It has been a while since I’ve written a post, mostly because I had to work on my thesis proposal for the last few months. Now that is done and I have a bit of breathing room I can write about one of the problems that has been bouncing around in my head for awhile, which is how to implement browser based networked multiplayer games.
Still, despite the fact that all of the big pieces of infrastructure are finally in place, there aren’t yet a lot of success stories in the multiplayer HTML 5 space. Part of the problem is that having all the raw pieces isn’t quite enough by itself, and there is still a lot of low level engineering work necessary to make them all fit together easily. But even more broadly, networked games are very difficult to implement and there are not many popular articles or tools to help with this process of creating them. My goal in writing this series of posts is to help correct this situation. Eventually, I will go into more detail relating to client-server game replication but first I want to try to define the scope of the problem and survey some general approaches.

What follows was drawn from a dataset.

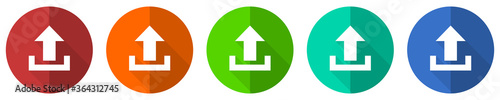 Upload icon set, red, blue, green and orange flat design web buttons isolated on white background, vector illustration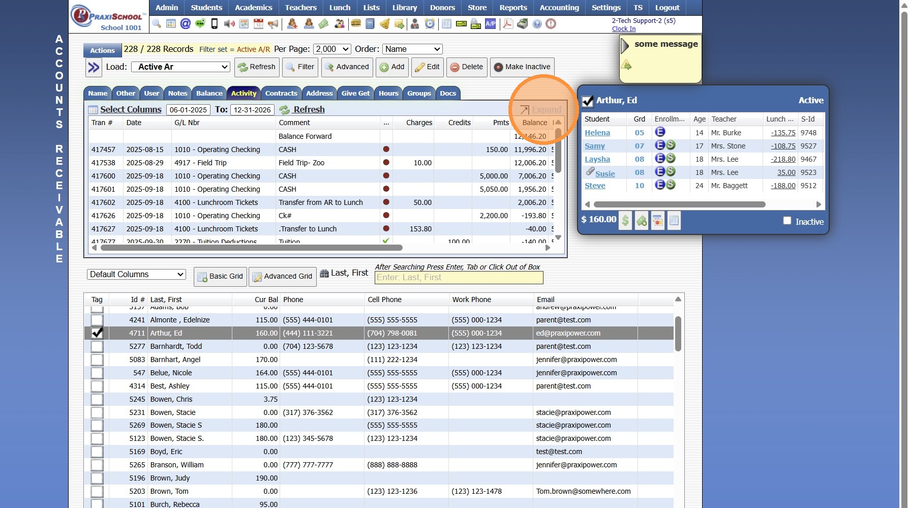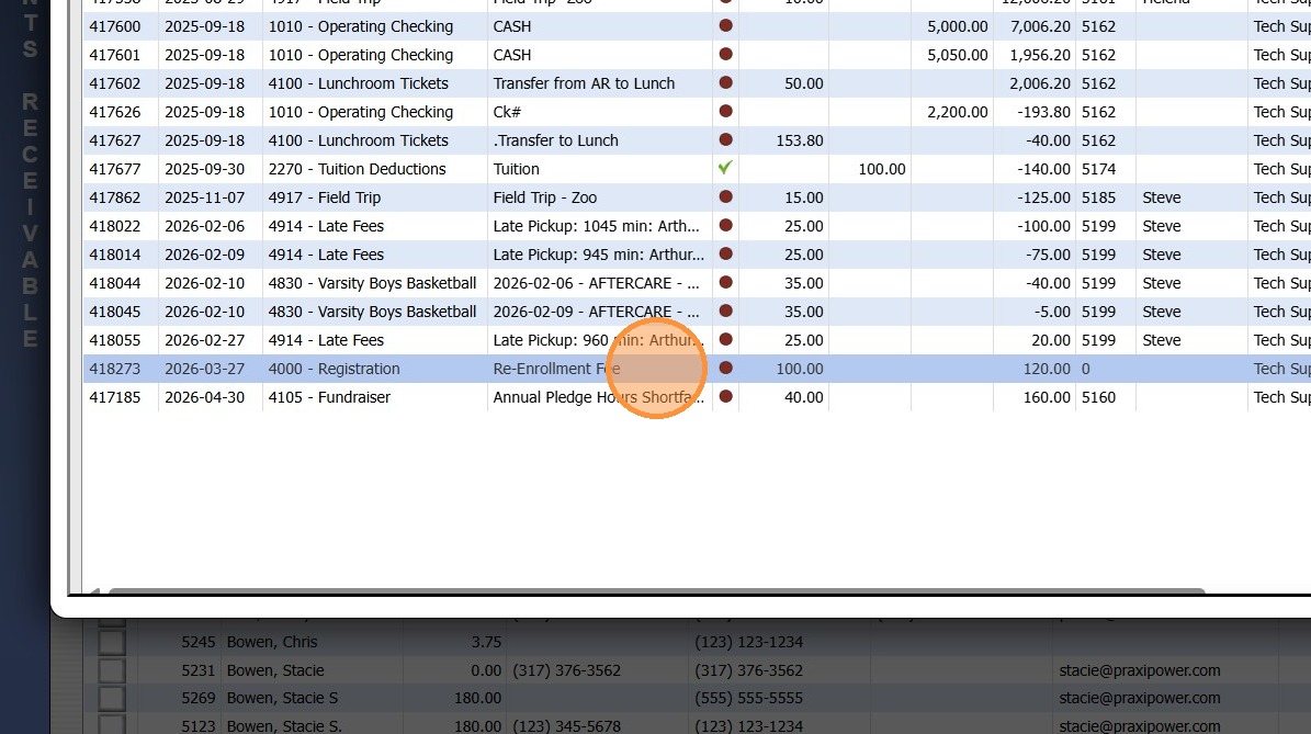 Adding a Transaction Item to a Student's AR Account Adding a Transaction Item to a Student's AR Account from Defined Items or Manually 1. Log into PraxiSchool 2. Click "Admin" 3. Click "Accounts Receivable" 4. Select Billing Account 5. Click $ to Add ...

Overview of networked games
Creating a networked multiplayer game is a much harder task than writing a single player or a hot-seat multiplayer game. In essence, multiplayer networked games are distributed systems, and almost everything about distributed computing is more difficult and painful than working in a single computer (though maybe it doesn’t have to be). Deployment, administration, debugging, and testing are all substantially complicated when done across a network, making the basic workflow more complex and laborious. There are also conceptually new sorts of problems which are unique to distributed systems, like security and replication, which one never encounters in the single computer world.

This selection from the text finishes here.